§ Exercise directions: The lines below starting at the line containing "La inestabilidad se" and ending at the line containing "In this case, I" are to be repeated exactly, with both ends kept and nothing else added.

§ Exercise data:
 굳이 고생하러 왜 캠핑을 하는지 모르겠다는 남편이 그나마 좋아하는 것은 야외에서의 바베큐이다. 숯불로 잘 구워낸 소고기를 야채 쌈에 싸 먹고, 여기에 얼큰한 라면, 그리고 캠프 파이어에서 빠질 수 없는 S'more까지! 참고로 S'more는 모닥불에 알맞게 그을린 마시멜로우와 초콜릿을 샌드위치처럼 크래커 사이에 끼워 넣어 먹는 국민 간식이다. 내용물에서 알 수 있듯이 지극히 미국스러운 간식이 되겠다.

==

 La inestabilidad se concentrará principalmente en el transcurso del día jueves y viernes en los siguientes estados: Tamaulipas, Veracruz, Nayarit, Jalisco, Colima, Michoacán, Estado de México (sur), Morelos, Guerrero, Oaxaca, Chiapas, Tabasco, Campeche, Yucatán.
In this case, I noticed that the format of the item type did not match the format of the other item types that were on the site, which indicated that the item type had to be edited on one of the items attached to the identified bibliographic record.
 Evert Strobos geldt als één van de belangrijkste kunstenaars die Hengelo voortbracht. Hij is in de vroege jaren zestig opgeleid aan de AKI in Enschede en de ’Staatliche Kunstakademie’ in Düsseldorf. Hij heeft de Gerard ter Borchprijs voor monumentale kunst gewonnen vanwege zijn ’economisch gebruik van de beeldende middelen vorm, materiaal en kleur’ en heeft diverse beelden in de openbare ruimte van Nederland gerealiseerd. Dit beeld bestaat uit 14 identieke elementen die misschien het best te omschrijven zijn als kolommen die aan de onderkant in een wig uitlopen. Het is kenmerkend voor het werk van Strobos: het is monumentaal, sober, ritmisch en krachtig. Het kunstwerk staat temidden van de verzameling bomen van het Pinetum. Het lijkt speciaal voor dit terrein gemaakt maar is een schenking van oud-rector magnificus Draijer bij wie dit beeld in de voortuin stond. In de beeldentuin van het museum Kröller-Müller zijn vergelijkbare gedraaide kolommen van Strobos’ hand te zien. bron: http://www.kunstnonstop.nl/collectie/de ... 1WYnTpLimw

§ Your response:
 La inestabilidad se concentrará principalmente en el transcurso del día jueves y viernes en los siguientes estados: Tamaulipas, Veracruz, Nayarit, Jalisco, Colima, Michoacán, Estado de México (sur), Morelos, Guerrero, Oaxaca, Chiapas, Tabasco, Campeche, Yucatán.
In this case, I noticed that the format of the item type did not match the format of the other item types that were on the site, which indicated that the item type had to be edited on one of the items attached to the identified bibliographic record.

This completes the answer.